Task requirements — Nothing past the line containing "Upgrade the whole" belongs in the output. Copy exactly every line of the data below from the first up to and including it.
+++++
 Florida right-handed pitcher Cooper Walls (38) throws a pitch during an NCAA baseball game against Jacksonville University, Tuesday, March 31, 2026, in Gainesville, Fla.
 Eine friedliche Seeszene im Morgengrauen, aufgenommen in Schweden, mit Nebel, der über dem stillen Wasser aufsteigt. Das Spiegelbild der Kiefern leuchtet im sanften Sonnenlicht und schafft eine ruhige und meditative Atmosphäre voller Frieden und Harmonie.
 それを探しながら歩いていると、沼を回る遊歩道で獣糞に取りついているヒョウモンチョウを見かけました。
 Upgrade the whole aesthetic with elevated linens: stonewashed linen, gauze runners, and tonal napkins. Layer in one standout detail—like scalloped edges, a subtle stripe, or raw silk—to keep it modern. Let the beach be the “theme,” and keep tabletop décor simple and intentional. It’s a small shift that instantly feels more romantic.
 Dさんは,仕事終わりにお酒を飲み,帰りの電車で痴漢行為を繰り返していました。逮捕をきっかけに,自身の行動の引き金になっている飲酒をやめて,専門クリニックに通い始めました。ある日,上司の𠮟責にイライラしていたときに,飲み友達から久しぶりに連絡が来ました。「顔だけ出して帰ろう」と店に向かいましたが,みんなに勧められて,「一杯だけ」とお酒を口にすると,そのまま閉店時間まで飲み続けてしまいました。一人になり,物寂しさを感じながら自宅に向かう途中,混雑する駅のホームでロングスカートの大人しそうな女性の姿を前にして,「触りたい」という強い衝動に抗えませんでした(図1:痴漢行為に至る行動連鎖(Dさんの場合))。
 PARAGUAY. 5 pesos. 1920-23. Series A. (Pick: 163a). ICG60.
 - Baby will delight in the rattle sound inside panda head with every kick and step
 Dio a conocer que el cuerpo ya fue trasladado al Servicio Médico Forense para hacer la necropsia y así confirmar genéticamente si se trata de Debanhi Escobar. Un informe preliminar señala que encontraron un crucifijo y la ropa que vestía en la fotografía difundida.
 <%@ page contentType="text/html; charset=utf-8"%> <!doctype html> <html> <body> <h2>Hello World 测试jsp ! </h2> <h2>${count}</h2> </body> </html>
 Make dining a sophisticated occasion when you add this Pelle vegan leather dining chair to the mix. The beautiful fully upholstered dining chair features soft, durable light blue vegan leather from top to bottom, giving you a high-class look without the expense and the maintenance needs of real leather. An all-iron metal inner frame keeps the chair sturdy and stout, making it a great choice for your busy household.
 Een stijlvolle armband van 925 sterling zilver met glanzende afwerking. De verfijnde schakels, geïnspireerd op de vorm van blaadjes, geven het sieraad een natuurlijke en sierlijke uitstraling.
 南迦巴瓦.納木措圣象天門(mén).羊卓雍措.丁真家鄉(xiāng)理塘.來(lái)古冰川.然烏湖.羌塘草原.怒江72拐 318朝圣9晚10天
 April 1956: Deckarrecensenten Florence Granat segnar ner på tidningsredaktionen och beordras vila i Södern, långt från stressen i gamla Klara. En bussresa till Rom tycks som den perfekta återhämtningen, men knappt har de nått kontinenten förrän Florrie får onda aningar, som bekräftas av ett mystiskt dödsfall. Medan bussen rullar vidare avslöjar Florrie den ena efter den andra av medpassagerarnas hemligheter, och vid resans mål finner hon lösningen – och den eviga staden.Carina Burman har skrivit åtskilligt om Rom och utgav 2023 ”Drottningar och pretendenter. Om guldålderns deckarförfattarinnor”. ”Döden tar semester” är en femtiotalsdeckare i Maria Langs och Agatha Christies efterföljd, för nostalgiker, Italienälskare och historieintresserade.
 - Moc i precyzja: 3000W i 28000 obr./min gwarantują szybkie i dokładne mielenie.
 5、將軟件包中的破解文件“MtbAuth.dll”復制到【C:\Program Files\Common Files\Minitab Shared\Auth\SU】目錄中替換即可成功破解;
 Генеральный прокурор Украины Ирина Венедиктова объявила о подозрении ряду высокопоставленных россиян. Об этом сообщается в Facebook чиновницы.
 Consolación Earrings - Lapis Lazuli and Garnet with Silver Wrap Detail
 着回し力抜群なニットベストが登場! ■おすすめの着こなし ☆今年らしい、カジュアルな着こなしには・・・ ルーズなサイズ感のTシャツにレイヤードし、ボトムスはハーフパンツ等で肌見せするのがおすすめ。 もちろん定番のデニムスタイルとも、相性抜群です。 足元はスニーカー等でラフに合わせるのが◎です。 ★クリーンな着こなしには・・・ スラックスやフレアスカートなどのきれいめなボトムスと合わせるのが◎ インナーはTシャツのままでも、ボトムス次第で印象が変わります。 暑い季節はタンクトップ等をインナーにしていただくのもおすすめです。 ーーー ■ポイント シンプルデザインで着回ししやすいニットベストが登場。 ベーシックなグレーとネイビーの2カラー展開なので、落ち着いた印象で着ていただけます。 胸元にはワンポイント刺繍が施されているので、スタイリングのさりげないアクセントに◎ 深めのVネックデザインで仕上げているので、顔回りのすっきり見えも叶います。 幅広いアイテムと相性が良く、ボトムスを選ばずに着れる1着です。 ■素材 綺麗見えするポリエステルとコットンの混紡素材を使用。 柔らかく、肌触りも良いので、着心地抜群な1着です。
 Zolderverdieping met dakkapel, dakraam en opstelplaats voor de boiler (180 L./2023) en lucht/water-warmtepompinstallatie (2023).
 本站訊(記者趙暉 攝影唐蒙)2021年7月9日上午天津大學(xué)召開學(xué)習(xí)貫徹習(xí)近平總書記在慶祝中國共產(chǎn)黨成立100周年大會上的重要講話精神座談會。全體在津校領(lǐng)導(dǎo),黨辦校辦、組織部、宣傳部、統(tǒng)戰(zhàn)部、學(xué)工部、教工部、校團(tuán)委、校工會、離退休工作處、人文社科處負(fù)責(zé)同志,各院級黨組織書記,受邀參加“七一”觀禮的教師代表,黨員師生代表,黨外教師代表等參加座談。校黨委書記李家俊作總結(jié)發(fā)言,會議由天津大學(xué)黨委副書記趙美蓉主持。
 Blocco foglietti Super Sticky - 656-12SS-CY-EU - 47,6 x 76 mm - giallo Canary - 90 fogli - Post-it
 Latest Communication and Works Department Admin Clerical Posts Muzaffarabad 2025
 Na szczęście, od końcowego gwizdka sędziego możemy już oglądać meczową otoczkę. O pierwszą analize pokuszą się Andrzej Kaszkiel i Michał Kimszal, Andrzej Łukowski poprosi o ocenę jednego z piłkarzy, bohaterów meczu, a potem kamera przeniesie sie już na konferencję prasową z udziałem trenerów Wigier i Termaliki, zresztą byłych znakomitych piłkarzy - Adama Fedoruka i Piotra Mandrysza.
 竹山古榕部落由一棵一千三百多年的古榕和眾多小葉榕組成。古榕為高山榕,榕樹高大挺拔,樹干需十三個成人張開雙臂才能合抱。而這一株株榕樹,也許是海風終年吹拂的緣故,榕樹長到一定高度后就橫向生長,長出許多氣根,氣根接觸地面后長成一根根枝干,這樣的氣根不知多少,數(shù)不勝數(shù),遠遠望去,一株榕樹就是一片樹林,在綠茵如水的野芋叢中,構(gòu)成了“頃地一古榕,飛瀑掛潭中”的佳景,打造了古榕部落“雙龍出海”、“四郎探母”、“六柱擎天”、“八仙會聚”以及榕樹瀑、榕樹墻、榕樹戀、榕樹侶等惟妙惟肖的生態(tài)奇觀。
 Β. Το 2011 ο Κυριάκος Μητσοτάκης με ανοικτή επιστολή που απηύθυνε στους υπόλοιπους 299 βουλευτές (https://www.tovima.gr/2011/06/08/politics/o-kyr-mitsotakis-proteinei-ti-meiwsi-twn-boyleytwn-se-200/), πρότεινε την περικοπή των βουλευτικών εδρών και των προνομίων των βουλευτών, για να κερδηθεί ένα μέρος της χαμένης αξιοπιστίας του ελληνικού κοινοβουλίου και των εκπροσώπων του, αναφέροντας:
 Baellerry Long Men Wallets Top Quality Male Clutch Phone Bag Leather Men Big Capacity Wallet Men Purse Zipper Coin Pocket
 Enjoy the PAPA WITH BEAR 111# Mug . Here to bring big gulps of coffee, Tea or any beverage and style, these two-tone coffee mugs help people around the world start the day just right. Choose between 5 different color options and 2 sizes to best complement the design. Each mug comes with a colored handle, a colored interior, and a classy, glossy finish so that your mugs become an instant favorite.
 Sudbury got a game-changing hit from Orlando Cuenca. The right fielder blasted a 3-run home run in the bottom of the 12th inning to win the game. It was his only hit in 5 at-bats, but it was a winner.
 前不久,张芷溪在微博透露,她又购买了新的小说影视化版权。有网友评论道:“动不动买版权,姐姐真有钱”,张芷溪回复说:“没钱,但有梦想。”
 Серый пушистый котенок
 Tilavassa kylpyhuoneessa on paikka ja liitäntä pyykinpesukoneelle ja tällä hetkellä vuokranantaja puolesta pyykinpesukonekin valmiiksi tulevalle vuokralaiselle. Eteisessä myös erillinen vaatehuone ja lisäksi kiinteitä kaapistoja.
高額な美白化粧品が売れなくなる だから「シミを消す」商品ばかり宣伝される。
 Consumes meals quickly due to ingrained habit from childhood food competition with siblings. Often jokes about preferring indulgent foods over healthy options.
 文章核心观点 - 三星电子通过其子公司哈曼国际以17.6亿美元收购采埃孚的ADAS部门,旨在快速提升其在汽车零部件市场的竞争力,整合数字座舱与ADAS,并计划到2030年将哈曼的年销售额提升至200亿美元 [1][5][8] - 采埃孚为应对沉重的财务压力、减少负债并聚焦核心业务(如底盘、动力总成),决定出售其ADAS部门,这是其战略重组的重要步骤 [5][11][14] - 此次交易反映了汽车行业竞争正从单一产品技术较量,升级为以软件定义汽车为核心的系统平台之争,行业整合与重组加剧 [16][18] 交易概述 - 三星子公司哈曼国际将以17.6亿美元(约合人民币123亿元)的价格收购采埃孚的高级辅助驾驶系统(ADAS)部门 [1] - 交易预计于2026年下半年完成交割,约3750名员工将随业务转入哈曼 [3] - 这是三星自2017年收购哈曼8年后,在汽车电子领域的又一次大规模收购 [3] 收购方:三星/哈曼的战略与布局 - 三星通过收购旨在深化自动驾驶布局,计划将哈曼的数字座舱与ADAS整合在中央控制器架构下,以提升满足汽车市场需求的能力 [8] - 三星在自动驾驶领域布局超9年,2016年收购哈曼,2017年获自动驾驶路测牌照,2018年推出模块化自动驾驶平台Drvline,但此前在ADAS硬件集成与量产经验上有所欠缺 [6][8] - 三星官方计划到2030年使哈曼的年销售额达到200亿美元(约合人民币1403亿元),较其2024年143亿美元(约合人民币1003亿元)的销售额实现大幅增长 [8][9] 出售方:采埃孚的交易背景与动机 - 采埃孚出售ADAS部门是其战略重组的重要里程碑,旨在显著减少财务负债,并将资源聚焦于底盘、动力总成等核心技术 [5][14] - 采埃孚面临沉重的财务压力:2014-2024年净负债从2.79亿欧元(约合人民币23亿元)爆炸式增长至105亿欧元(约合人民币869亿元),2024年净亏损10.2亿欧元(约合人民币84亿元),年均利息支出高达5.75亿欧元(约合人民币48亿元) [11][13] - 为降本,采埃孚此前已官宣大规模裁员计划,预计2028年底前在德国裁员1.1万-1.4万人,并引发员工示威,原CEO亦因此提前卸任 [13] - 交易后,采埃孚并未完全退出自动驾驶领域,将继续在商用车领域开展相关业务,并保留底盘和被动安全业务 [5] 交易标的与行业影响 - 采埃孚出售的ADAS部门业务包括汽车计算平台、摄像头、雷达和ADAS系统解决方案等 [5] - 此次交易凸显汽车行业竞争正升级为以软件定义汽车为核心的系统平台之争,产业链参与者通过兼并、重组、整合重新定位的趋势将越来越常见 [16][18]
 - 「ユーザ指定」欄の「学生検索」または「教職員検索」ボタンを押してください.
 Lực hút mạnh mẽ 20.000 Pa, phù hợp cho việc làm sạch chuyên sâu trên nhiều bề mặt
+++++
Task output —
 Florida right-handed pitcher Cooper Walls (38) throws a pitch during an NCAA baseball game against Jacksonville University, Tuesday, March 31, 2026, in Gainesville, Fla.
 Eine friedliche Seeszene im Morgengrauen, aufgenommen in Schweden, mit Nebel, der über dem stillen Wasser aufsteigt. Das Spiegelbild der Kiefern leuchtet im sanften Sonnenlicht und schafft eine ruhige und meditative Atmosphäre voller Frieden und Harmonie.
 それを探しながら歩いていると、沼を回る遊歩道で獣糞に取りついているヒョウモンチョウを見かけました。
 Upgrade the whole aesthetic with elevated linens: stonewashed linen, gauze runners, and tonal napkins. Layer in one standout detail—like scalloped edges, a subtle stripe, or raw silk—to keep it modern. Let the beach be the “theme,” and keep tabletop décor simple and intentional. It’s a small shift that instantly feels more romantic.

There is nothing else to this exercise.